* **WORK REQUEST**: Below is a block of entries; repeat exactly the lines starting at the line that contains "Женское платье с" and ending at the line that contains "تحطيم شواهد وصلبان", both included.

* **LISTED RECORDS**:
=== Begin Enclosure ===

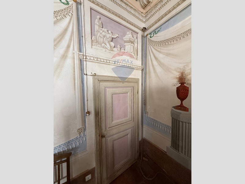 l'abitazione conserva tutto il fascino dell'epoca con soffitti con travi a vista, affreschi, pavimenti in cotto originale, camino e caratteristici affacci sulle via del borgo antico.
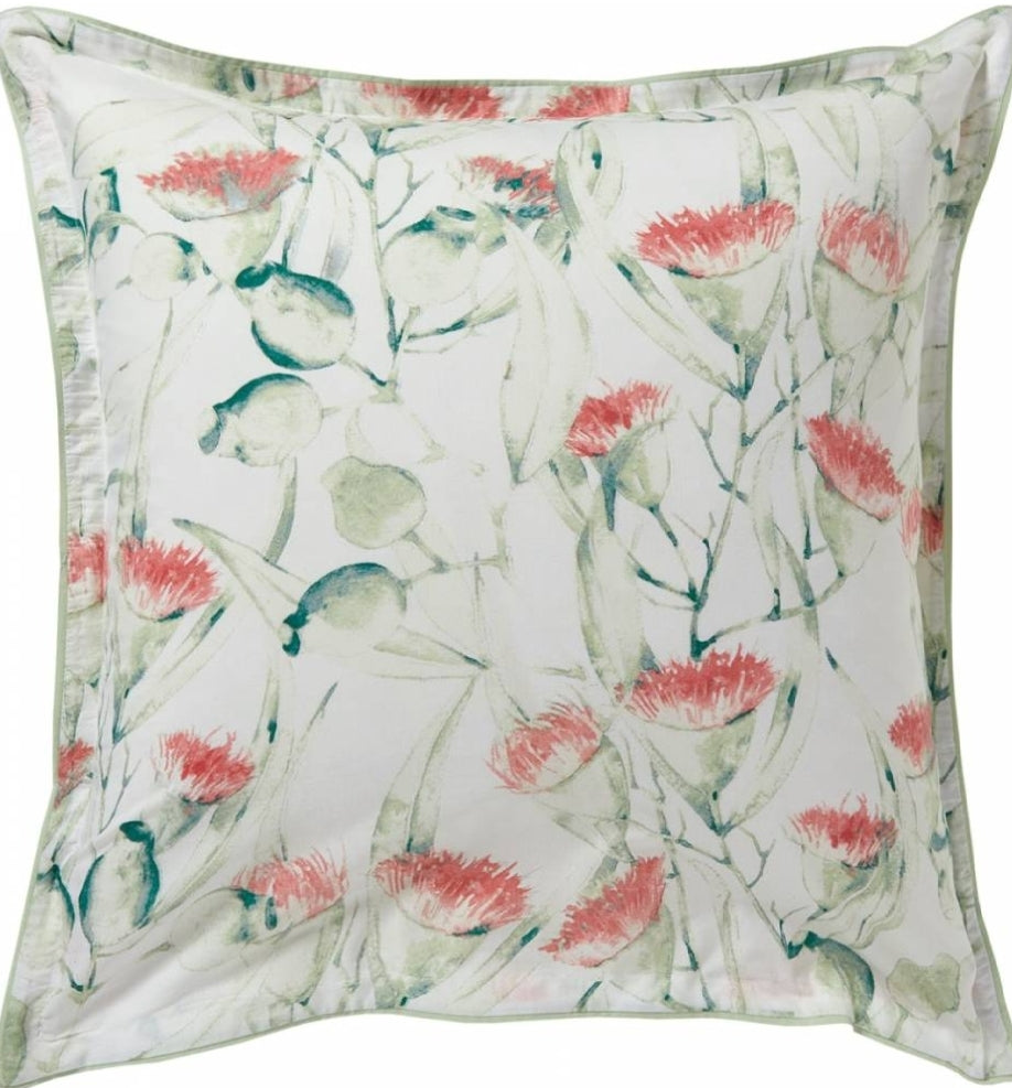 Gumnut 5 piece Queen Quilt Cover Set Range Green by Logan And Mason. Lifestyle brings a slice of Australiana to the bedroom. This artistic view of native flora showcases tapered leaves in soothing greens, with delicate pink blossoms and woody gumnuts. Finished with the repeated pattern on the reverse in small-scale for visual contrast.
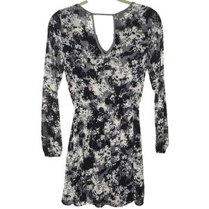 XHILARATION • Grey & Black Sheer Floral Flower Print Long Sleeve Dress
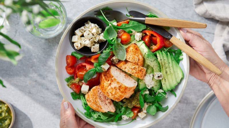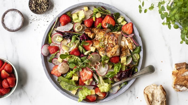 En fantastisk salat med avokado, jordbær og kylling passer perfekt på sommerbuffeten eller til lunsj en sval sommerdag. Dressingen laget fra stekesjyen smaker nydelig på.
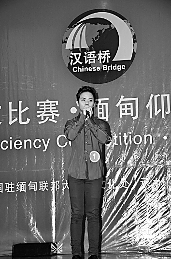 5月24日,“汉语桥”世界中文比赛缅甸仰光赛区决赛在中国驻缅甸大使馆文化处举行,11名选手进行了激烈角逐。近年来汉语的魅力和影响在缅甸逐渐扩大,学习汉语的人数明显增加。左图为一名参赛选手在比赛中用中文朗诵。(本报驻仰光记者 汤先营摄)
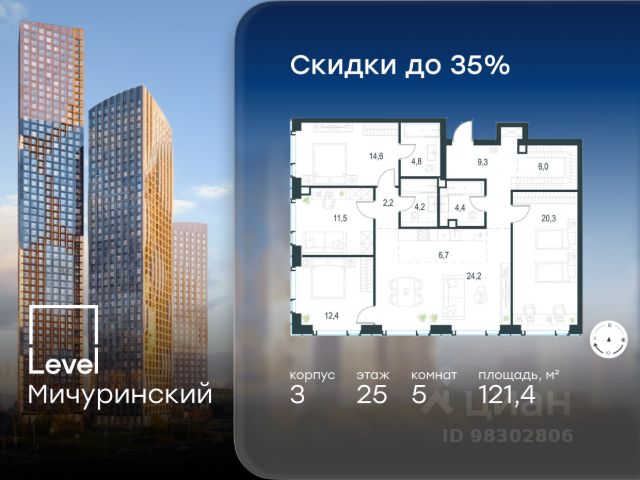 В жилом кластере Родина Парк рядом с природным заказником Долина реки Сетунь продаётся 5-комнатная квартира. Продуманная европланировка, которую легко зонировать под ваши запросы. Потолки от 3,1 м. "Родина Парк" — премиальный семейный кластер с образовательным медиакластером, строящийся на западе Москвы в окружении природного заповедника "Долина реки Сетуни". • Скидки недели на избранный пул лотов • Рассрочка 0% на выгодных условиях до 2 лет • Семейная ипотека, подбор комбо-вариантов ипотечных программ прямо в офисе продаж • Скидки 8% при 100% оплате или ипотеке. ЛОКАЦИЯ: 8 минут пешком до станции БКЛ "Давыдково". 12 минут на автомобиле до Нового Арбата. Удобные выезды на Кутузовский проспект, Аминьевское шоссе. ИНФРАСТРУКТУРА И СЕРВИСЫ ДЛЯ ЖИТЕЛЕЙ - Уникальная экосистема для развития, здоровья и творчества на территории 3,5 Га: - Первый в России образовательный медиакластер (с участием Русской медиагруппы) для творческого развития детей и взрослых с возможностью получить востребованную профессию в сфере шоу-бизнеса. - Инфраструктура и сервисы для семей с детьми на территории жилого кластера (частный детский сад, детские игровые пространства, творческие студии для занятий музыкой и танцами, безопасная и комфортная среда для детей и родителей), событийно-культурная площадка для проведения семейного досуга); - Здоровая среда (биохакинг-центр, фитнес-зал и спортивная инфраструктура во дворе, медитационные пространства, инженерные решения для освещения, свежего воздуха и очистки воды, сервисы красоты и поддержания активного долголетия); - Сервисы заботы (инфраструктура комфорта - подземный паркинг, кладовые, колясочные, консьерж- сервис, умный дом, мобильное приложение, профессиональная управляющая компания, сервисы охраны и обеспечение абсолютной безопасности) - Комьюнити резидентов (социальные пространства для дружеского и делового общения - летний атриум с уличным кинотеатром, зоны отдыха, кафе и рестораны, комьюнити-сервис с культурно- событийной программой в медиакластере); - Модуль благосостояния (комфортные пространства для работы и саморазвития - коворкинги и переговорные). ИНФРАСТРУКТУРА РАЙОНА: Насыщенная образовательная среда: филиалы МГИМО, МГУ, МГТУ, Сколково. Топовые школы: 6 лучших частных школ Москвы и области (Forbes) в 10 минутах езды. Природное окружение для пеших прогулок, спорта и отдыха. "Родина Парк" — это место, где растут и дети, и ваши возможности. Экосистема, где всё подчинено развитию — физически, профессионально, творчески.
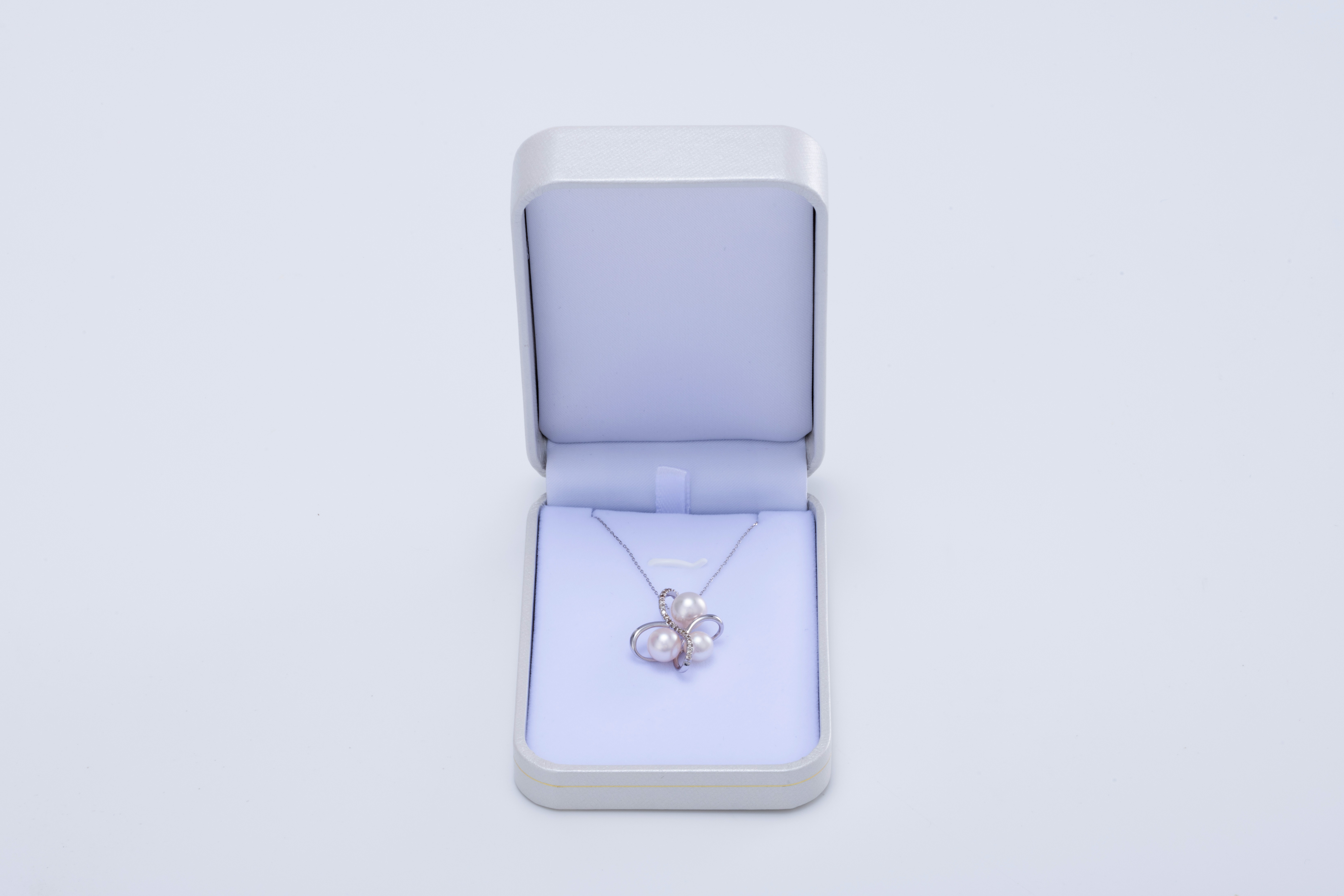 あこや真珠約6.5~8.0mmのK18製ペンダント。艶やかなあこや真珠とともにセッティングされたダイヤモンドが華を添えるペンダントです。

=== End Enclosure ===
=== Begin Enclosure ===

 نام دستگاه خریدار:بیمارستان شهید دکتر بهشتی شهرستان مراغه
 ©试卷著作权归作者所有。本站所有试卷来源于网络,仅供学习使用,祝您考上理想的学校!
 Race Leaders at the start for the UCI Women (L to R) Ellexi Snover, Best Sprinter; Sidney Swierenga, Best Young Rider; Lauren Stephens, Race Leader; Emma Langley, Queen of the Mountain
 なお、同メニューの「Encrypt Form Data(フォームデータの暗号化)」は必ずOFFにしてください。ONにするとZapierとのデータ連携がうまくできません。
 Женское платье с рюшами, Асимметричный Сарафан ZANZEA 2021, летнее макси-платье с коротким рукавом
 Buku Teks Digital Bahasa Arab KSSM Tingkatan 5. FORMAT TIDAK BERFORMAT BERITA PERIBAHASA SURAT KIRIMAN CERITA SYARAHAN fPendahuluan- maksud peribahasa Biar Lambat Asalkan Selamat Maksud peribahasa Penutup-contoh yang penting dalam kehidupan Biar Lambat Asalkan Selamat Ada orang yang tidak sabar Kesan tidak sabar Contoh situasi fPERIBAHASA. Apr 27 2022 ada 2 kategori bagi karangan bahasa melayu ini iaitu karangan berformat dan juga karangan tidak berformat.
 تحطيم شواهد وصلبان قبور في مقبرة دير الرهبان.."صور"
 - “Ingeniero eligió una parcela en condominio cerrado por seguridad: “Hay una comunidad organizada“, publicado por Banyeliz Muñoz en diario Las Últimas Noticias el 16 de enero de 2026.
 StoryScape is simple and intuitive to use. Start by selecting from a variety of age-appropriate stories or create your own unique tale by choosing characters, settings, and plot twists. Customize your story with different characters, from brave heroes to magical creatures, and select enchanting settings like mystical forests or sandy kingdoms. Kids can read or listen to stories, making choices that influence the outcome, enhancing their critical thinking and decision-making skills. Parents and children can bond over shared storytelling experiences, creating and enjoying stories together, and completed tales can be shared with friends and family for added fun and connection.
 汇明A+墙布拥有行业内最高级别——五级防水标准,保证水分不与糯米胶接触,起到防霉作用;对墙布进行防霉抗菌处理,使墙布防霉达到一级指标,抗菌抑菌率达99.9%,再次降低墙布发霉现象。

=== End Enclosure ===
=== Begin Enclosure ===

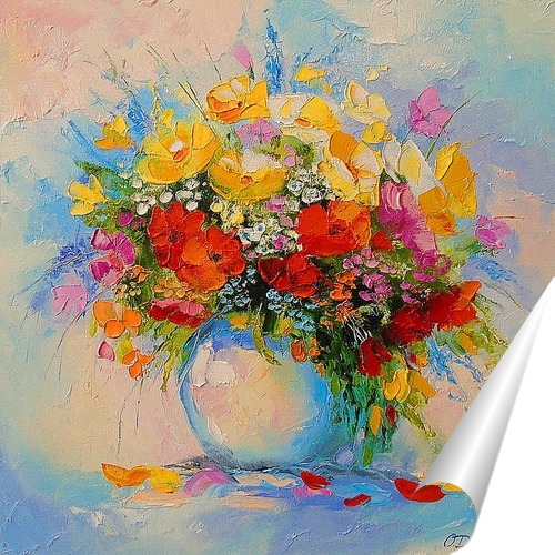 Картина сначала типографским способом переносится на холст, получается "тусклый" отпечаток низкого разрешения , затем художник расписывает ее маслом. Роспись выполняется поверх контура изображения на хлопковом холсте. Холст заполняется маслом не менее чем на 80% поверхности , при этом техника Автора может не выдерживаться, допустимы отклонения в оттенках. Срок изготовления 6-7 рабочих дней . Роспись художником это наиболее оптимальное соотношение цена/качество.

=== End Enclosure ===

* **REPLY TO THE EXERCISE**:
 Женское платье с рюшами, Асимметричный Сарафан ZANZEA 2021, летнее макси-платье с коротким рукавом
 Buku Teks Digital Bahasa Arab KSSM Tingkatan 5. FORMAT TIDAK BERFORMAT BERITA PERIBAHASA SURAT KIRIMAN CERITA SYARAHAN fPendahuluan- maksud peribahasa Biar Lambat Asalkan Selamat Maksud peribahasa Penutup-contoh yang penting dalam kehidupan Biar Lambat Asalkan Selamat Ada orang yang tidak sabar Kesan tidak sabar Contoh situasi fPERIBAHASA. Apr 27 2022 ada 2 kategori bagi karangan bahasa melayu ini iaitu karangan berformat dan juga karangan tidak berformat.
 تحطيم شواهد وصلبان قبور في مقبرة دير الرهبان.."صور"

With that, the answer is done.